We first create a safe reduction set \(\mathcal {J\,}^M\) at line 4 (using Algorithm 4 which will be presented later in Sect. 4.9). If \(\mathcal {J\,}^M\) is not empty (line 5), Algorithm 1 applies POR. It computes a lower and upper bound, denoted by \(\overline{EFT}\) and \(\overline{LFT}\), respectively, on the finish time of all jobs in \(\mathcal {J\,}^M\) using Algorithms 2 and 3 introduced later in Sect. 4.4. A new vertex \(v_k\) is then created using \(\overline{EFT}\) and \(\overline{LFT}\) as bounds on the earliest and latest time by which the processor may become available after executing all jobs in \(\mathcal {J\,}^M\). Vertex \(v_k\) is then added to the graph at line 7.

If Algorithm 4 returns an empty set \(\mathcal {J\,}^M\) (i.e., no safe reduction set could be found), we continue with the original SAG analysis by applying the same expansion phase as in Nasri et al. (2019).

After the expansion phase (whether it uses POR or not), the algorithm is identical to the original SAG analysis as it applies the same merge phase introduced in Nasri et al. (2019) (lines 13–16) for every newly added vertex. Nasri and Brandenburg (2017) checks two conditions to merge two vertices \(v_p\) and \(v_k\): (i) the core-availability intervals of these two states must intersect, i.e., \([A_1^{min}(v_p), A_1^{max}(v_p)] ~\cap ~ [A_1^{min}(v_k), A_1^{max}(v_k)] \ne \emptyset\) and (ii) the set of jobs dispatched on a path from \(v_1\) to \(v_p\) must be the same as the set of jobs dispatched on a path from \(v_1\) to \(v_k\).

Fig. 4
figure 4

Example of a schedule-abstraction graph with POR after the addition of states \(v_9\) and \(v_{10}\). a the SAG before merging \(v_6\) and \(v_9\), b the SAG after merging \(v_6\) and \(v_9\)

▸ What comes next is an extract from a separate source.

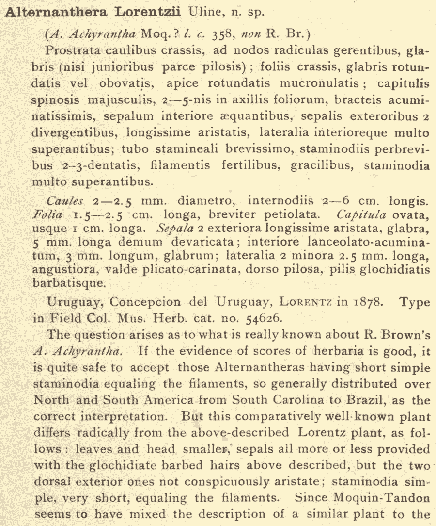 Протолог Alternanthera lorentzii Uline (Publications of the Field Columbian Museum. Botanical series 1: 421. 1899):

However, when POR is applied, the number of jobs on the edges can vary depending on the number of jobs in the safe-reduction sets. As a result, going through all yet-to-be-expanded states might not be the most efficient way to check condition (ii) of the merge rules of the original SAG analysis. In order to improve the runtime of this step (basically, the runtime of the while-loop in lines 13–16), we keep the list of yet-to-be-expanded states sorted (in a non-decreasing order) according to the number of jobs on a path from \(v_1\) to each state in the list. When checking for possible merge opportunities of a state \(v_k\), we only compare it against states that encompass the same number of dispatched jobs (namely, they have the same number of jobs on the path from \(v_1\) to those states) because otherwise Condition (ii) of the merge rule would obviously not hold. For example, after the creation of \(v_9\) and \(v_{10}\) in the example in Fig. 4a, the only other state that could be a candidate to be merged with \(v_9\) is \(v_6\). In this example, \(v_{10}\) cannot be merged with any other state since there is no other state that encompasses four dispatch events. Figure 4b shows the resulting SAG after merging \(v_6\) and \(v_9\).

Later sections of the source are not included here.